TASK —
The answer must be the full data, restated word for word, with no pictures in it.

INFORMATION PROVIDED —
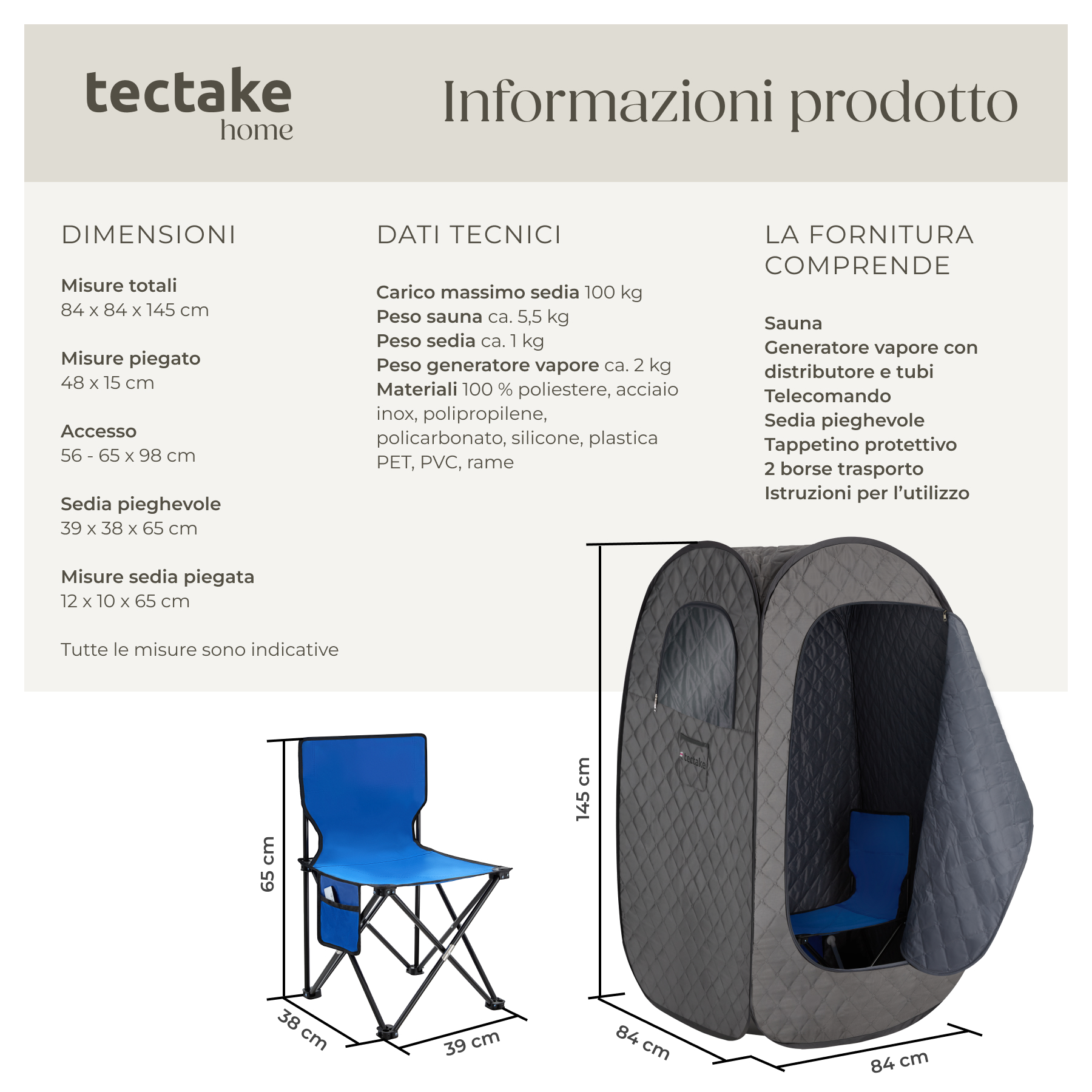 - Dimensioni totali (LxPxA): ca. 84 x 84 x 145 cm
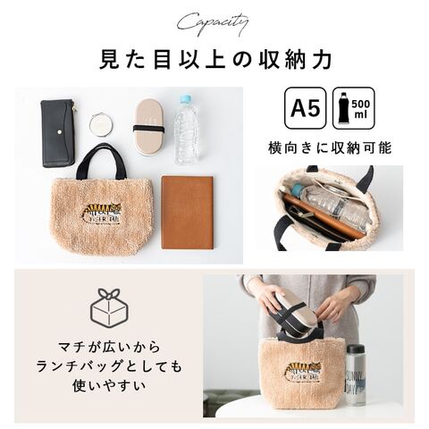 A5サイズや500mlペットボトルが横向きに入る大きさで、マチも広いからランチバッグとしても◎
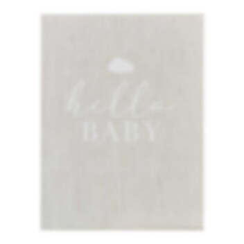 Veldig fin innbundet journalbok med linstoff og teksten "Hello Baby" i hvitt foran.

YOUR RESPONSE —
 - Dimensioni totali (LxPxA): ca. 84 x 84 x 145 cm
 A5サイズや500mlペットボトルが横向きに入る大きさで、マチも広いからランチバッグとしても◎
 Veldig fin innbundet journalbok med linstoff og teksten "Hello Baby" i hvitt foran.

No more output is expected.